Updated: Aug 6, 2019

Dr. Kirkpatrick presented a case of a 64 yo M w/ generalized malaise, nausea, and vomiting.

He has lost 60 lbs over the last 6 months. No PMH as he hasn't seen a doctor in >40 years.

His initial labs showed a well-compensated pure AGMA (128- (89+10)) and a glucose of 490, as well as ketonuria and an A1C of 16.5%. He was Dx'd and treated for DKA.


What is it?

Lack of sufficient insulin to internalize glucose for utilization. Insufficient insulin to ward of lipolysis and beta hydroxylation -> ketone body formation in order to supply vital organs with energy.

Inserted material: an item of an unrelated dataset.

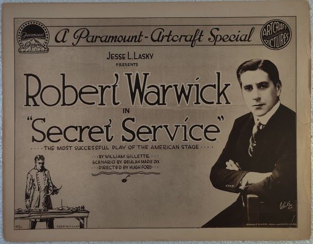 Secret Service (Paramount Pictures, Artcraft Pictures, Jesse L. Lasky; 1919) lobby card. Drama. Starring Robert Warwick, Wanda Hawley, Raymond Hatton, Guy Oliver, Irving Cummings. Directed by Hugh Ford. Creases, tears, edge wear, tape. Very Good. (11"x14").

Causes: med non-compliance, infection, MI, pancreatitis, surgery/trauma, etc.


Sxs:

Nausea/vomiting

Anorexia

Polyuria, polydipsia

Abdominal pain

± AMS

Kussmaul respirations

Acetone odor on pt’s breath


Lab Findings: (diagnostic criteria 1-3)


1. Blood glucose level > 250 mg/dL (usucally)

2. Metabolic acidosis*

a.Bicarb < 15 mEq/L

b. pH < 7.3

3. Ketosis (in urine: Ketonuria, or in blood: ketonemia)

4. Hyperkalemia (body has absolute hypOkalemia however)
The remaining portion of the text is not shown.